Se sarà confermata, c’è un’ottima notizia per l’ambiente e quindi per tutti noi: le microfibre tessili in mare sono quasi tutte naturali. A rilanciarla è uno studio coordinato dall’Istituto di scienze marine del Cnr e argomentato in una ricerca pubblicata sulla prestigiosa rivista scientifica Science Advances. Se non è un coup de théâtre poco ci manca, quindi, perché sembra che le fibre tessili, così tanto diffuse come sappiamo in mare, solo per l’8% siano effettivamente sintetiche, mentre la maggior parte “sono composte da polimeri naturali, come lana e cotone, i cui tempi di biodegradazione non sono però ancora noti”. L’abbondanza e la diffusione – spiega una nota del Cnr – è dovuta all’aumento di produzione tessile e agli scarichi dei lavaggi, e le concentrazioni più alte sono state rilevate in Mediterraneo e in Antartide
Un'analisi condotta dall’Istituto di scienze marine del Consiglio nazionale delle ricerche (Cnr-Ismar), in collaborazione con un team di ricercatori sudafricani e australiani, indica che la grande maggioranza delle fibre tessili che galleggiano in oceano sono quindi naturali. Lo studio, pubblicato come detto su Science Advances, ha analizzato 916 campioni di acqua di mare durante 5 spedizioni internazionali condotte in 617 località.

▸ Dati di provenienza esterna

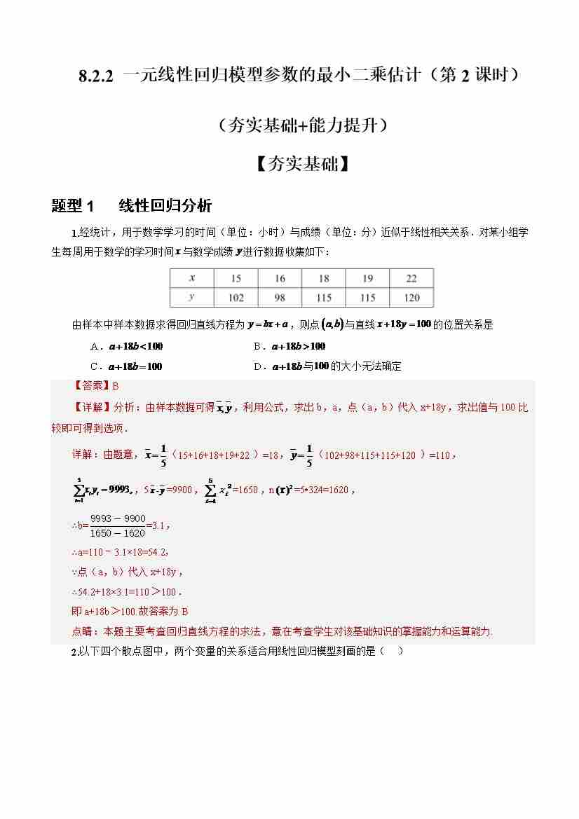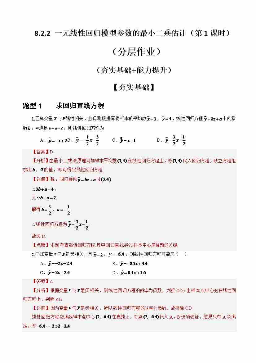 8.2.2 一元线性回归模型参数的最小二乘估计 (第2课时) (分层作业)(解析版)
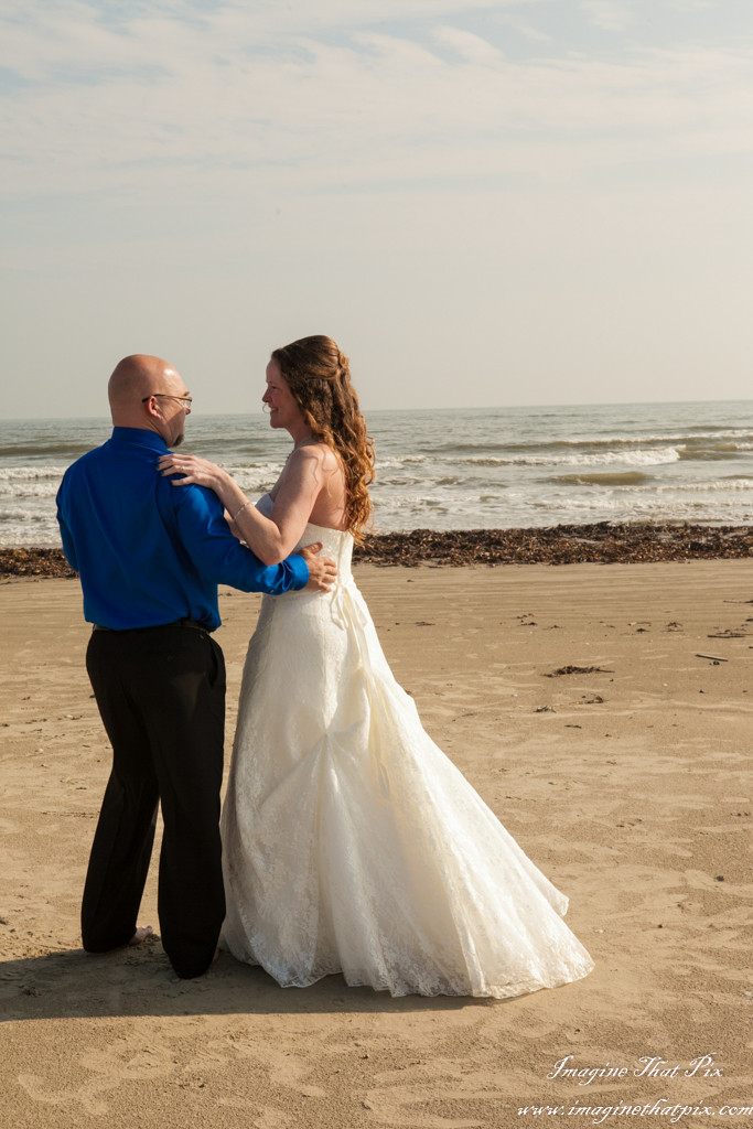 When the average wedding costs tens of thousands of dollars, couples find themselves questioning at times if all the pomp and circumstance is worth it. This is most especially true, if this isn’t a first wedding. I often hear, “We did the big wedding thing already. This time, not so much.” Occasionally, I will have a couple decide to elope. They still want pictures to remember their big day, even if it isn’t so “big”. I find myself absolutely adoring these weddings, because their simplicity places so much focus on what truly matters at a wedding: each other. Enter the beach wedding. Erika and Paul did a marvelous job with their beach wedding. An officiant joined us on the beach in Galveston, Texas, and the couple was joined by their daughters. There, the 6 of us participated in a simple, elegant, and truly touching wedding.

“Abbiamo raccolto 23.593 fibre in sei bacini oceanici differenti e ne abbiamo analizzate circa duemila tramite un microscopio ad infrarossi (µFTIR) per identificarne la composizione polimerica, scoprendo che il 79,5% era a base di cellulosa (principalmente cotone), il 12,3% era a base animale (principalmente lana) e solo l'8,2% era sintetico (principalmente poliestere)”, racconta Giuseppe Suaria, ricercatore del Cnr-Ismar e coordinatore dello studio insieme a Peter Ryan dell’Università di Cape Town. Le concentrazioni variano considerevolmente da una regione all'altra: da 0,02 a 25,8 fibre per litro. I numeri più alti sono stati rilevati in Mediterraneo, ma alte concentrazioni sono state rinvenute anche in Antartide durante una spedizione internazionale di circumnavigazione dell’Antartide organizzata dall’Istituto polare svizzero.
La cosa ancor più interessante e che potrebbe quindi ridurre la portata dell’impatto ambientale di queste fibre, che comunque hanno tempi di biodegradabilità incerta e che comunque creano problemi di vario genere, è che “i risultati del nostro studio concordano con altre ricerche nel dimostrare la maggior presenza in ambiente marino di fibre a base di cellulosa e indicano invece che studi precedenti potrebbero aver sovrastimato l’abbondanza delle fibre sintetiche”.
“Inoltre - osserva il ricercatore Cnr-Ismar - mentre la produzione globale di fibre tessili, naturali incluse, è più che raddoppiata in tutto il mondo negli ultimi 20 anni, raggiungendo 107 milioni di tonnellate prodotte nel 2018, quelle sintetiche dominano il mercato del tessile solo a partire dalla metà degli anni '90”.
Le fibre naturali e sintetiche sono utilizzate principalmente nella produzione di abbigliamento ed entrano in ambiente quando gli indumenti si logorano o attraverso le acque di scarico delle lavatrici. “Le fibre tessili vengono spesso incluse nelle valutazioni dell'abbondanza di microplastiche in ambiente e sono state rinvenute praticamente ovunque: nelle profondità oceaniche, nello stomaco dei pesci, negli alimenti e nelle bevande e addirittura nei polmoni umani, gli studi hanno però raramente dimostrato che percentuali significative di queste fibre ritrovate nei campioni siano effettivamente sintetiche”, conclude Suaria.